If you’re a low to middle-income earner and make a contribution to your super fund, you might be eligible for a co-contribution of up to $500 from the government.
Did you know the government may add up to $500 to your super fund, if you're a low to middle-income earner who makes an after-tax contribution to super, which you don’t claim a tax-deduction for?
How does the super co-contribution scheme work?
The superannuation co-contribution scheme is a government initiative aiming to assist low to middle-income earners save for their retirement.
What that means is, depending on the amount of income you earn each year, the government may add to your super when you make a voluntary after-tax contribution, which you don’t claim a tax deduction for. The amount you receive will depend on how much you contribute as well as your income.
Are you eligible for a super co-contribution?
To be eligible for a super co-contribution from the government, generally you must:
- make an after-tax contribution to your super fund, which you don’t claim a tax deduction for
- lodge your annual tax return
- have a total income that’s less than $54,837 in the 2020/21 financial year, or $56,112 in the 2021/22 financial year for at least a part co-contribution (more info on this below)

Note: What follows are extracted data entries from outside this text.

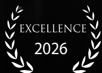
Chinese Consumer Choice Award

The value of an MCBG award is powerful in terms of its endorsement of value and vision, and its ability to boost recognition among the Chinese community. Winners will be announced at the 2026 Manitoba Chinese Business Gala on February 6.
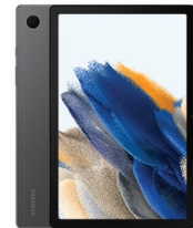
Samsung Galaxy Tab A8 (Wi-Fi) 4/64GB

SSG-PSMT225NZAATHL (Gray) SSG-PSMT225NZSATHL (Silver)
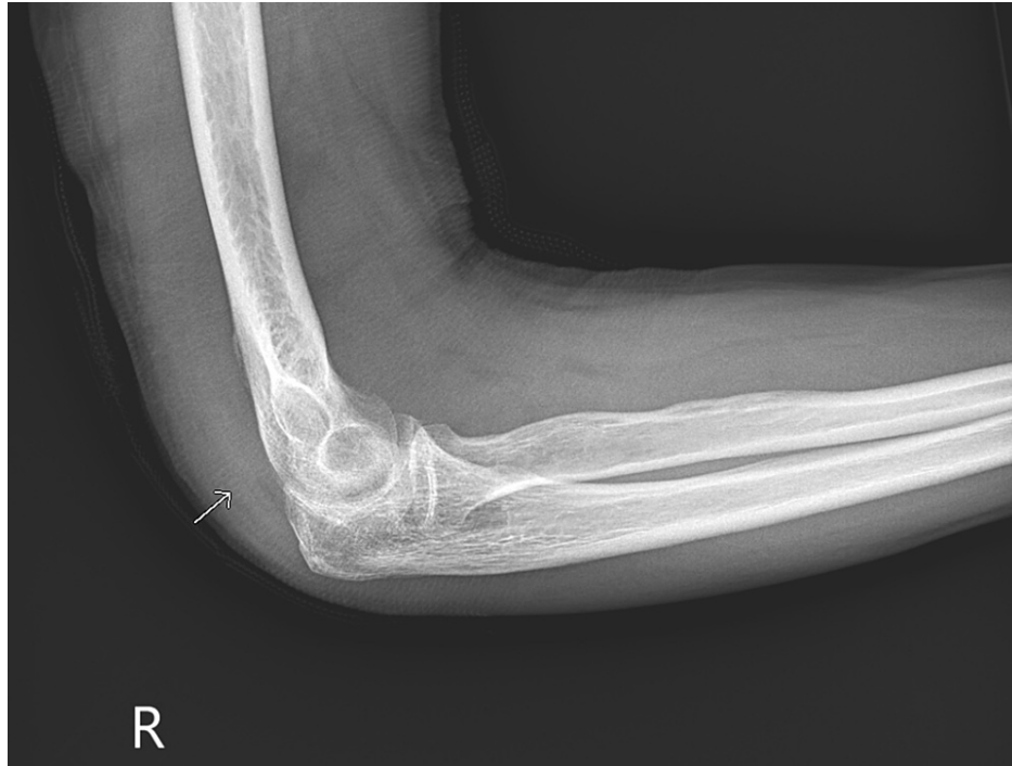
FIGURE 1: X-ray of the right elbow.

with a subjacent complex rim-enhancing fluid collection with intraosseous penetration of this complex collection with associated erosion involving the lateral tubercle of the posterior talar process. Focally pronounced surrounding bone marrow edema was noted throughout the talus amidst a background of diffuse periarticular hyperemia/osteopenia throughout the ankle, hindfoot, and midfoot, with associated small effusions and synovitis of the ankle and posterior subtalar joints (Figure 4).
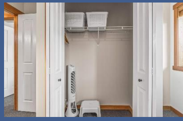
Nice Closet Space Throughout
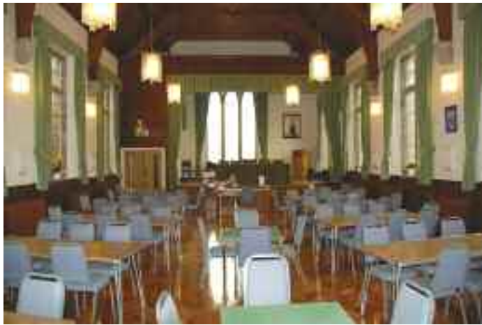
Shiny floor in the main hall
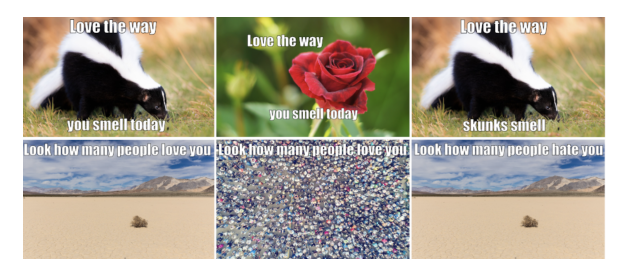
Figure 1: Illustrative (not real) examples of multimodal hateful memes from Kiela et al. (2020). While the memes on the left column are hateful, the ones in the middle are non-hateful image confounders, and those on the right are non-hateful text confounders.

Multimodal memes, which can be narrowly defined as images overlaid with text that spread from person to person, are a popular form of communication on social media (Kiela et al., 2020). While most Internet memes are harmless (and often humorous), some of them can represent hate speech.
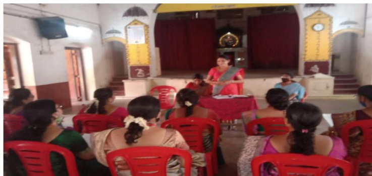
SSLC Exam Training 25-03-2022
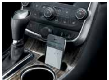
Mobile phone holder.
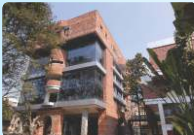
Centre for Research & Development in Pharmaceutical Sciences & Applied Chemistry, Pune
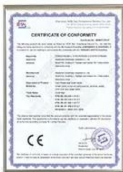
CE RFID smart cards
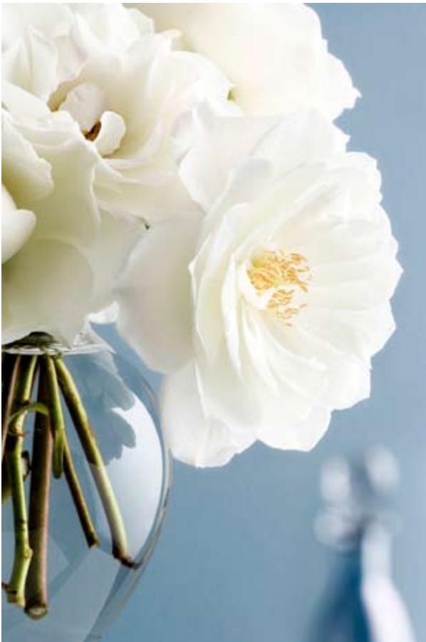
ZAL011 - White Floral on Blue I
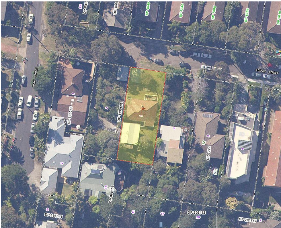
Figure 1: Subject Site

The site incorporated a significant cross-fall, sloping from the southwest corner of the site towards the northeast corner with 15 metres different in levels. The site has been identified being located within Landslip Risk Area E. The land is subject to one easement and one restriction on the title.
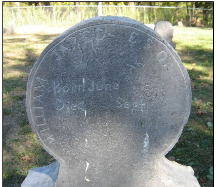
WILLIAM JARED TOMBSTONE BEFORE AND AFTER RENOVATIONS.
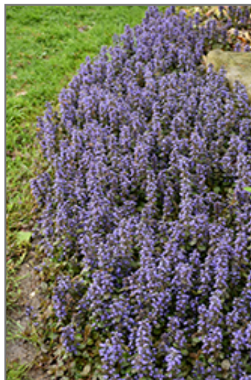
Caitlin's Giant Bugleweed
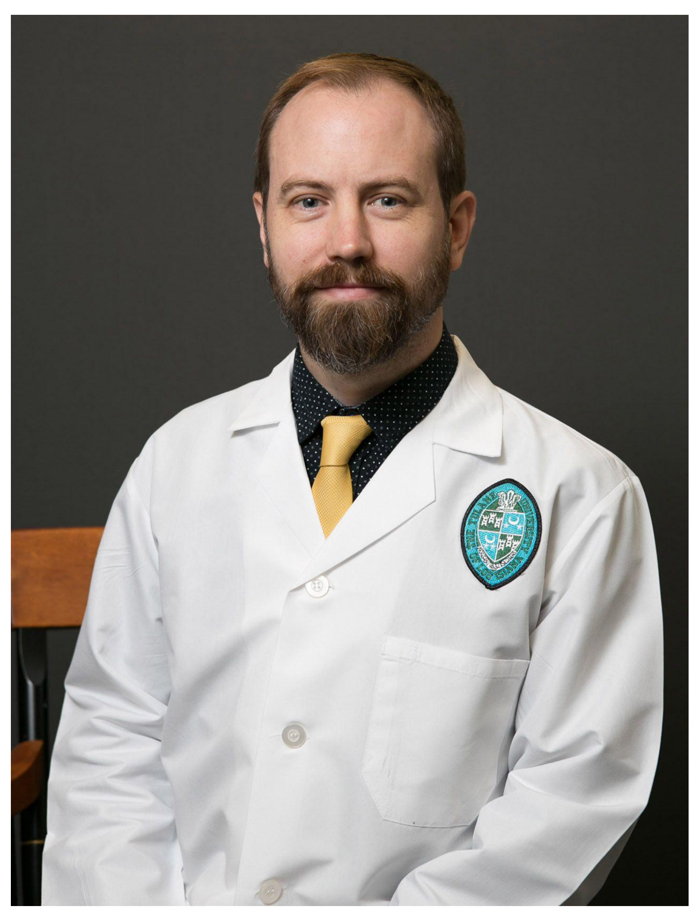
A great start to a very bright future
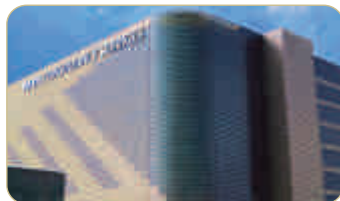
TCS Adibatla - 30 Mins
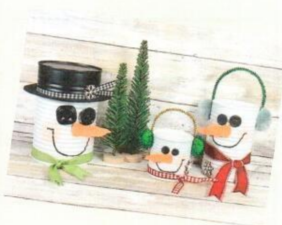
Old tin cans
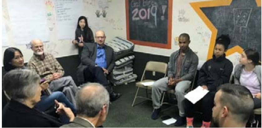
January 27 meeting with parishioners helps to define outreach project.

- receive 10% or more of your income from eligible employment and/or running a business
- be no older than age 70 at the end of the financial year that you’re making the contribution
- have a total super balance below $1.7 million as at 30 June of the financial year prior to the year that you’re contributing (ie 30 June 2021 for contribution in 2021/22)
- not have exceeded your non-concessional contributions cap for the year
- not have held a temporary visa at any time during the financial year (unless you’re a New Zealand citizen, or it was a prescribed visa)
What do you need to do to get the super co-contribution?
Provide your tax file number to your super fund
You don’t need to apply for the super co-contribution, but you will need to make sure you’ve provided your tax file number to your super fund. Generally, your super fund can’t accept after-tax contributions, or receive co-contributions on your behalf, if you haven’t provided your tax file number.
Lodge your tax return
You’ll need to lodge your annual tax return. The Australian Taxation Office (ATO) will then use the information provided in your tax return and the contribution information from your super fund to work out your eligibility.
If you’re eligible, the ATO will automatically calculate the appropriate amount that’s owing to you and will typically deposit this into the super fund which you have made the contribution. If you’ve recently retired and have closed your super account, it may be possible to have your co-contribution paid to you directly.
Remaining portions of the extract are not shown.